Former Caterpillar Exec, Steve Larson, Drops the Mic During a Carve-Out Q&A
An uninterrupted, 35-year ascent within a single organization is practically unheard of these days. Unless you’re Steve Larson, in which case it is no exaggeration. Steve’s career with Caterpillar was impressive. Prior to retiring in 2014, he held increasingly senior executive leadership positions, including Vice President of Caterpillar Inc. and President of Caterpillar Logistics Inc., a $2B wholly-owned subsidiary.
In 2012, 65% of Caterpillar Logistics was sold to private equity powerhouse Platinum Equity, who rebranded the carve-out as Neovia Logistics. Steve was responsible for managing this carve-out, and after retiring from Caterpillar, Steve was asked by Platinum Equity to assume an Interim CEO role at Neovia, which he did from 2015-2016.

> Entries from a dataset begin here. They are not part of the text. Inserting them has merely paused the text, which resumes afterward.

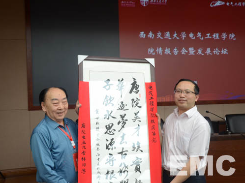 之后陈院长介绍了学院现在科学研究的主要研究方向和近年的主要标志性成果,他强调学院目前正在加强基础学科的建设并且取得了有的成果,他特别提到的就是2015年学院获得的教育部自然科学二等奖,这是学院获得的首个自然科学奖项,依次介绍了高速铁路供电综合监控技术及装备、牵引供电关键设备安全运行检测技术、中低速磁浮列车技术、电气化铁路同相供电装置-世界首创、节能型牵引变压器-世界首创、轨道交通模拟驾驶仿真培训系统、牵引供电电气设备检测与检测系统、燃料电池混合动力系统、无线感应供电技术、复合材料接触网支持结构等研究成果。一项项优秀的成果无不展示出电气学院蓬勃的发展力与强大的创新力。科研成果的成功离不开学院教育教学方面的建设成果,它既包含学院教育质量建设成果,学生竞赛获奖情况优异,并且学生就业率一直保持在99%以上。可见学院不仅在科研方面取得突破,教育教学也成果丰富。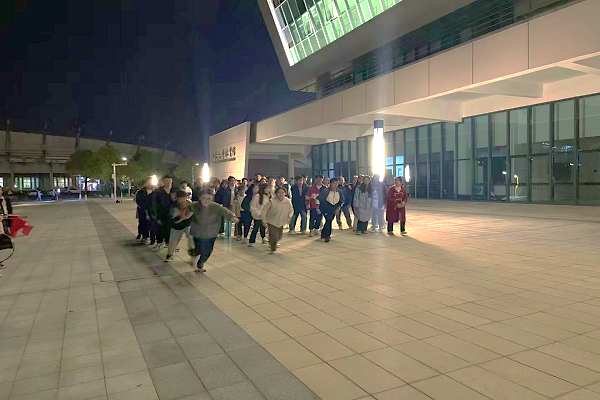 本次活动不仅有流光溢彩的荧光夜跑,还融入了趣味十足的“手拉手穿呼啦圈”游戏。各班同学手拉手一字排开,共同完成呼啦圈的接力。呼啦圈先是通过双腿,然后越过下一个同学的头部,轻轻一抖,呼啦圈依次传递下去,最终落地的那一刻,成就感涌上同学们的心头。
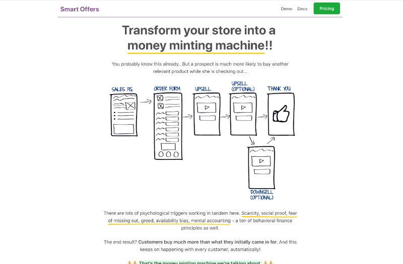 Utilizzando uno strumento come Smart Offers puoi ottenere un risultato simile. Invece di ingombrare il tuo check-out con cose che potrebbero distrarre i tuoi utenti, Smart Offers consente loro di effettuare il check-out e quindi mostra loro altre offerte a cui potrebbero essere interessati. Possono aggiungerle al loro ordine anche dopo averlo fatto senza dover effettuare nuovamente il check-out .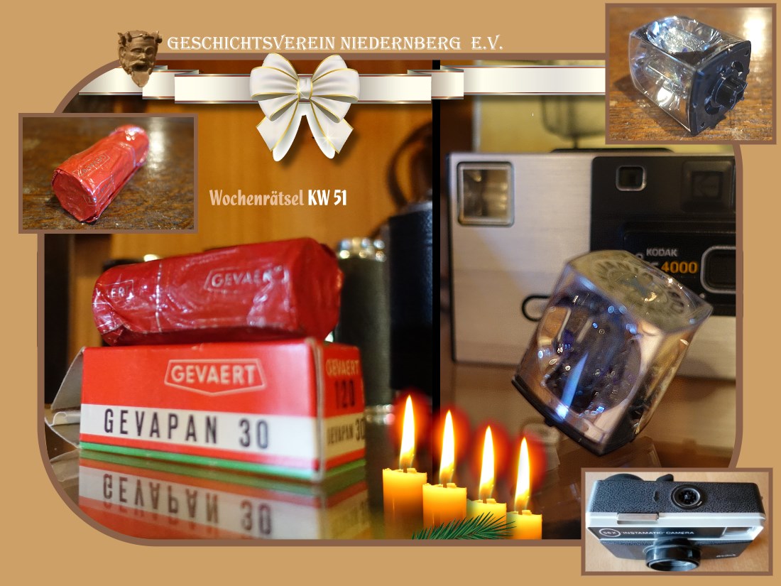 Gevapan 30“ (gehört heute zur Agfa-Gruppe) und einen klassischen Blitzwürfel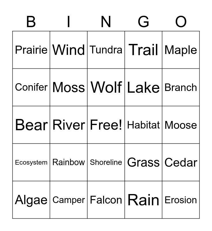 This bingo card has a free space and 70 words: Tree, Moose, Boat, Swimming, Camper, Tent, Trail, Leaf, Maple, Oak, Cedar, Cottonwood, Prairie, Tundra, Mountains, River, Shoreline, Lake, Ranger, Ecosystem, Habitat, Grass, Branch, Bark, Insect, Horizon, Sun, Cloud, Rain, Soil, Wind, Steam, Pond, Swamp, Frog, Snake, Moon, Pine Cone, Delta, Conifer, Pine, Rainbow, Erosion, Rapids, Wave, Moss, Algae, Carp, Walleye, Sunfish, Northern Pike, Meadowlark, Cardinal, Eagle, Falcon, Goose, Wolf, Coyote, Pronghorn, Elk, Bear, Porcupine, Photosynthesis, Evaporation, Condensation, Precipitation, Canopy, Roots, Plants and Wildfire.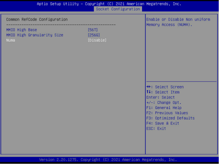 Socket Configuration---Common RefCode Configuration---Numa---Disable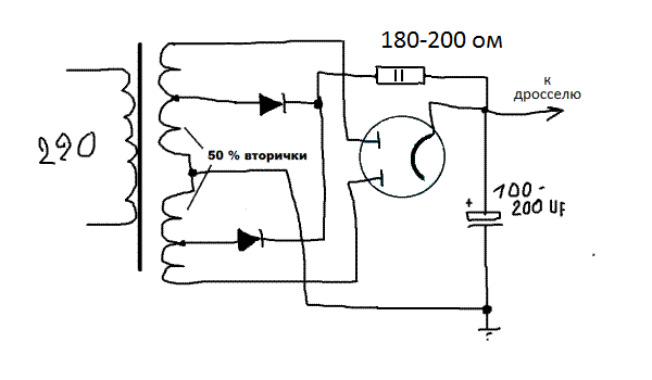 Хоть иди на рынок и ищи в хламе , занедорого. А! Ещё кентотроны можно применить, 5Ц4С, да нет их у меня, все выкинул за недостойное поведение с искрами и электросваркой.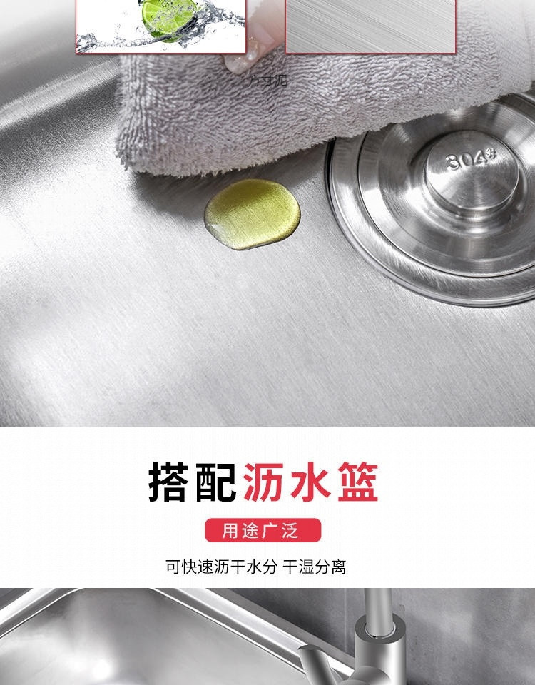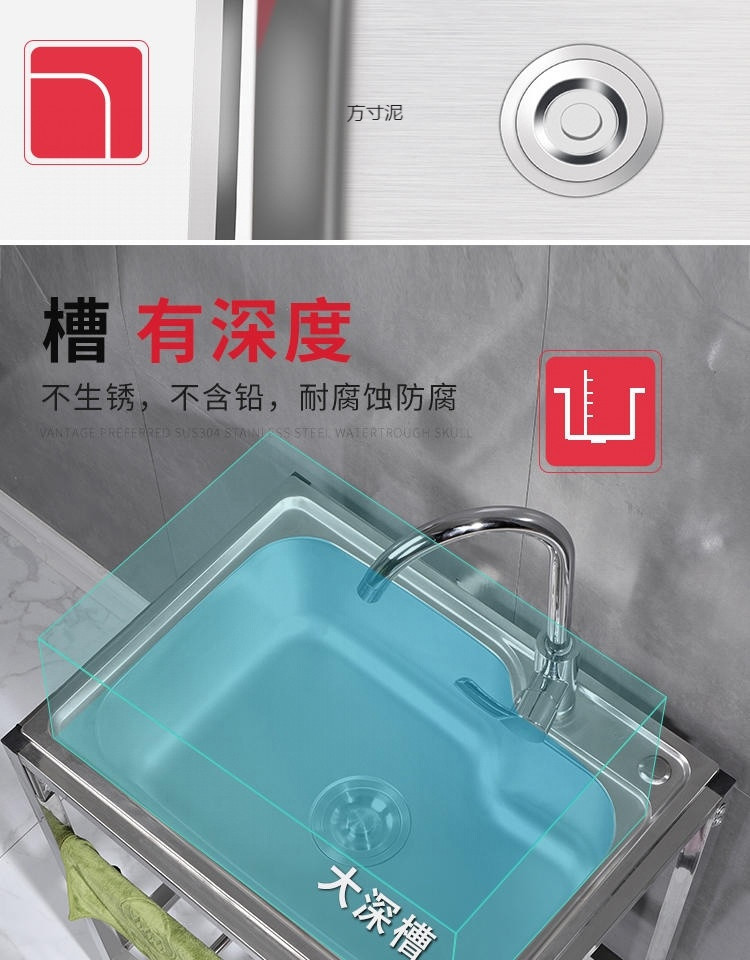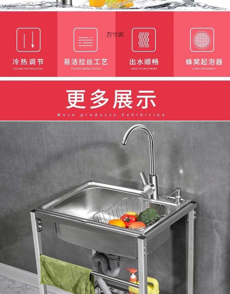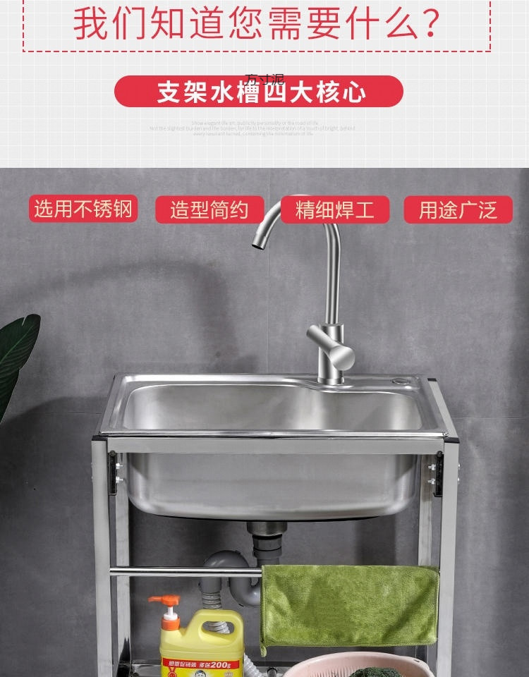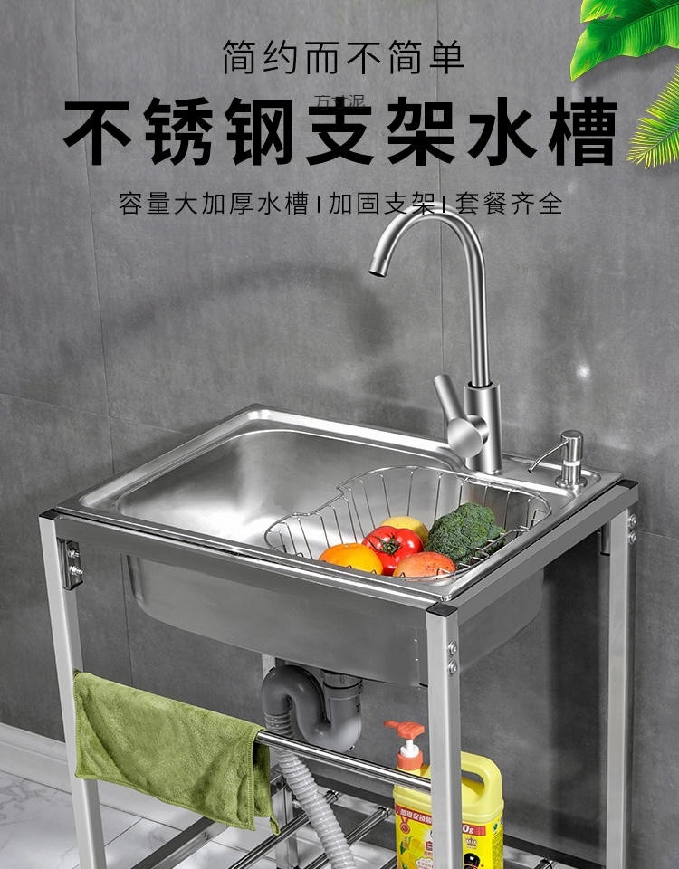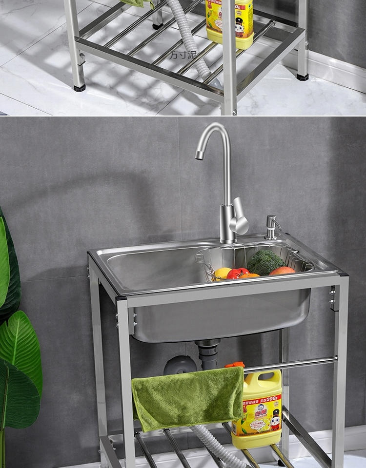キッチンシンプルな 304 ステンレス鋼水シングル家庭用シンク洗面器スタンド付き洗面器シンク一体型洗面器卸売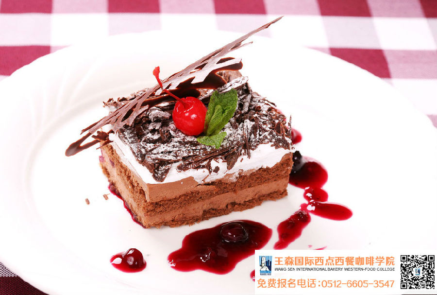 德国最知名的蛋糕。上世纪30年代,德国西南部黑森林地区盛产樱桃,丰收时农家会把樱桃做酒做蛋糕,甚至把过剩的樱桃塞进蛋糕层里做馅,这种原材料都来 自黑森林地区的蛋糕,就以黑森林命名。“这蛋糕除了一定要有樱桃与樱桃酒(Kirschwasser),还要有黑巧克力碎放在蛋糕面上,看起来才像个‘黑 森林’;巧克力碎要用手掰,不能用机器切,有粗糙感才像个森林。还可以用鲜樱桃汁做果冻,塞在蛋糕里,是更高档的做法。”

We were lucky enough to catch-up with Steve to discuss his carve-out experience.
Will you share some key carve-out success factors? What recommendations/tips might you share with executives responsible for a private equity carve-out?
There are several factors to consider to ensure success in a carve-out.
First, the executive office or board needs to select a highly qualified leader to manage the carve-out. If this is you, plan on delegating some of your day-to-day responsibilities to ensure that you can allocate the necessary effort to this complex endeavour. It needs to be your top priority if it is going to be done successfully.
Second, you need skilled project management resources at your disposal to support the effort. There are thousands of action items in a carve-out effort, and project management is essential to ensure issues are addressed on-time and in the correct sequence. Accountable individuals from each functional area also need to be identified, and there must be absolute clarity relative to roles and responsibilities.
Third, a detailed inventory of all services provided by various corporate functions should be completed. The accounting, tax, treasury, IT, legal and HR areas are all functions that provide significant levels of service to individual business units. Many of these services are taken for granted and the level of resources required to replicate these functions can be grossly underestimated. Particular attention needs to be paid to IT systems and processes to make sure you don’t miss anything that could impact your customers. The legal entity structures that enable the business to operate in different countries (if that is the case) also need careful consideration. Often the legal entity structure will stay with the company divesting the business, and therefore that legal entity structure would have to be replicated for the carve-out to truly stand on its own.
Fourth, unless the divesting company has internal resources experienced in carve-outs, it is important to consider engaging an outside firm that has a successful track record in this area. The complexity of the task is sometimes not appreciated, and it certainly makes sense to engage a professional services firm if you don’t have experience within your own organization.
Fifth, and probably most importantly, there must be a robust communication and change management plan in place. Employees, customers and suppliers must be continuously communicated to with a high level of transparency and consistency.
What are some likely cultural challenges one will encounter during a carve-out?
One significant cultural challenge is that the employees who are part of the carve-out often would prefer to stay with the business that is actually doing the divesting. It is critical to manage this resistance through robust communication. Being open, honest, and transparent - while repeating key messages with consistency and regularity, especially during those early weeks and months - is vital. It is important to give employees a forum to ask their questions and get answers, whether that be a town hall or all employee meeting.
Another challenge is ensuring successful integration of employees into the carve-out. For this to happen the acquiring side needs to have a robust integration plan in place and the transition period needs to be well managed. Employees of the acquired business need to successfully adapt to the new environment.
What are the most important carve-out risks and mitigations?
It is important to keep critical employees on board and engaged throughout the carve-out. This reinforces the criticality of the change management process and communication plan. A significant loss of key employees would reduce the value of the business.
Negative customer and supplier perceptions introduce further risks. The unknowns and concerns associated with the change need to be mitigated through the communication plan, which will be unique for customers and suppliers as their questions and concerns will be different.
Additionally, it must be understood that some of the services provided by the divesting company are likely going to need to continue after the deal is consummated. Depending on the timeline of the deal, it may not be possible to truly stand 100% alone by the required date. Transitional service agreements with the divesting business are often required to ensure the divested business can function properly. These agreements need to be negotiated well in advance of the actual handover of the business.
Lastly, is easy to vastly underestimate the amount of effort and resources required for a successful carve-out. Engaging an expert, who has been through it before, and understands the complexity of a carve-out should be strongly considered.